[DATA]

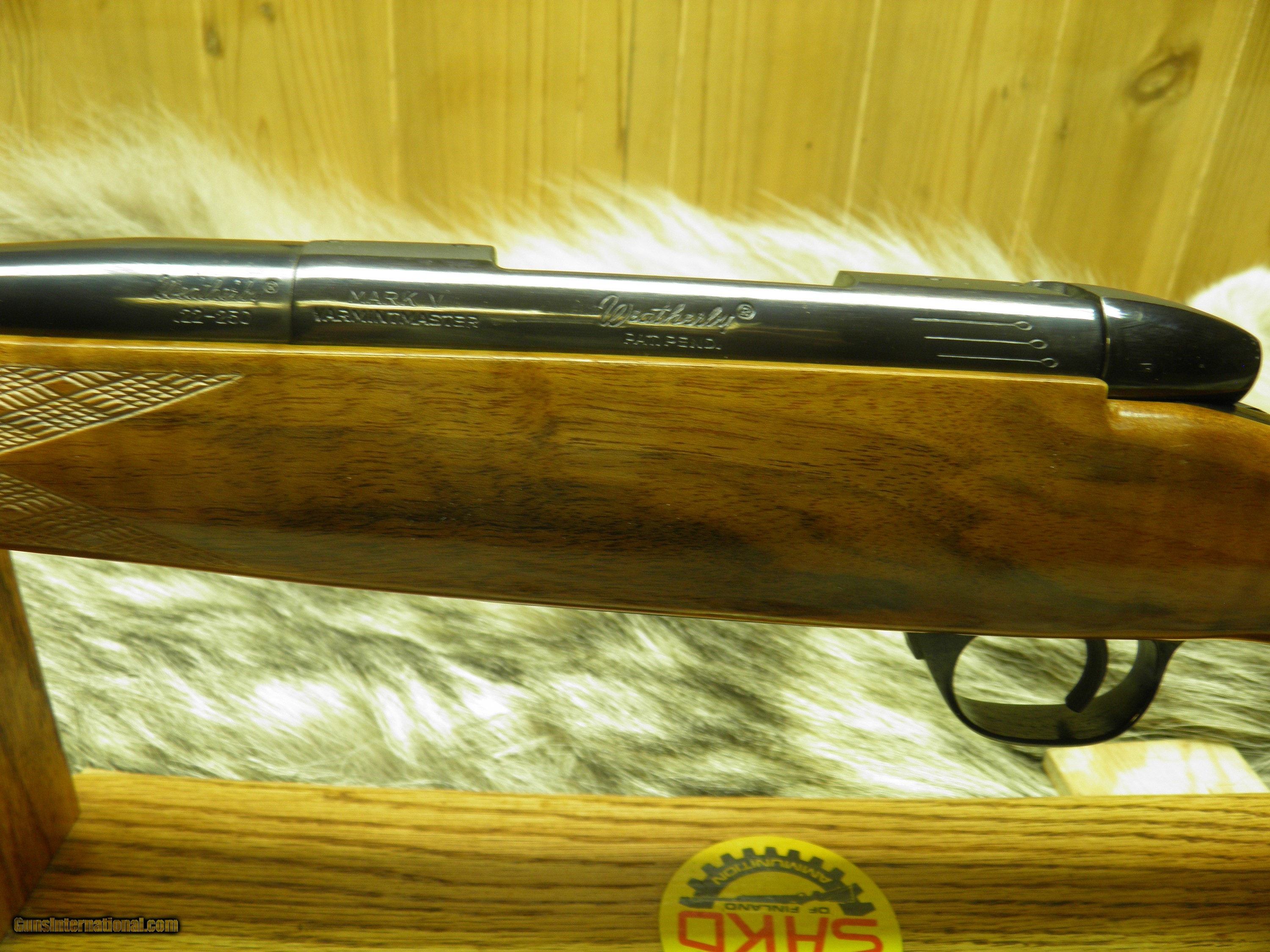 Description: Description: WEATHERBY MARK V DELUXE VARMINTMASTER CAL: 22/250 GERMAN, MANF: IN 1966, BARREL LENGTH 24" WITH A 1 - 14 TWIST, OVERALL LENGTH 43", LENGTH OF PULL 13 1/2", APPROX: WEIGHT 6 1/2 LBS, MAGAZINE CAPACITY 4 ROUNDS, BOLT HAS SIX PRECISION LOCKING LUGS, , , BEAUTIFUL FIGURED HIGH GRADE SELECT AMERICAN WALNUT IN A MONTE-CARLO STYLE STOCK WITH CHEEK-PIECE, ROSEWOOD FOREND TIP AND GRIP CAP WITH WHITE DIAMOND INLAY, BEAUTIFUL HAND-CUT SKIP-LINE DIAMOND CUT CHECKERING, WOOD FINISHED IN A DURABLE HIGH GLOSS, METAL SURFACES ARE A DEEPLY HIGH GLOSS LUSTRE BLUE. OVERALL CONDITION, "WOOD" 99.9%, "BLUE" 98.9%++, IN THE WEATHERBY LINE THE VARMINTMASTERS ARE MY FAVORITE, LOVE THE SHORT ACTION. SOLD |
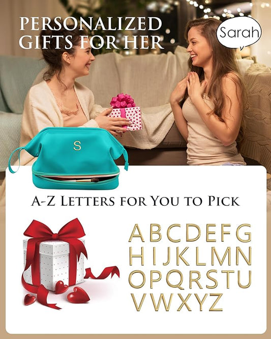 Womens Gift, Initial Makeup Bag, Travel Gifts, Personalized Bags, Waterproof Double Layer Cosmetic Bag, Large Capacity PU Leather Makeup Bags Letter Travel Toiletry Bag, Friend Gifts
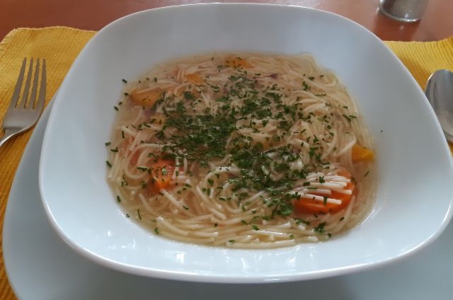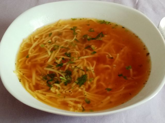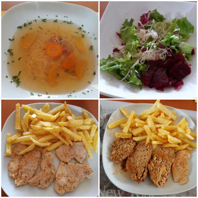 Piščančja juhica; paniran zrezek, omakica; zelena solata

[/DATA]

Write out each line of the data exactly; the images should be left out.

 Description: Description: WEATHERBY MARK V DELUXE VARMINTMASTER CAL: 22/250 GERMAN, MANF: IN 1966, BARREL LENGTH 24" WITH A 1 - 14 TWIST, OVERALL LENGTH 43", LENGTH OF PULL 13 1/2", APPROX: WEIGHT 6 1/2 LBS, MAGAZINE CAPACITY 4 ROUNDS, BOLT HAS SIX PRECISION LOCKING LUGS, , , BEAUTIFUL FIGURED HIGH GRADE SELECT AMERICAN WALNUT IN A MONTE-CARLO STYLE STOCK WITH CHEEK-PIECE, ROSEWOOD FOREND TIP AND GRIP CAP WITH WHITE DIAMOND INLAY, BEAUTIFUL HAND-CUT SKIP-LINE DIAMOND CUT CHECKERING, WOOD FINISHED IN A DURABLE HIGH GLOSS, METAL SURFACES ARE A DEEPLY HIGH GLOSS LUSTRE BLUE. OVERALL CONDITION, "WOOD" 99.9%, "BLUE" 98.9%++, IN THE WEATHERBY LINE THE VARMINTMASTERS ARE MY FAVORITE, LOVE THE SHORT ACTION. SOLD |
 Womens Gift, Initial Makeup Bag, Travel Gifts, Personalized Bags, Waterproof Double Layer Cosmetic Bag, Large Capacity PU Leather Makeup Bags Letter Travel Toiletry Bag, Friend Gifts
 Piščančja juhica; paniran zrezek, omakica; zelena solata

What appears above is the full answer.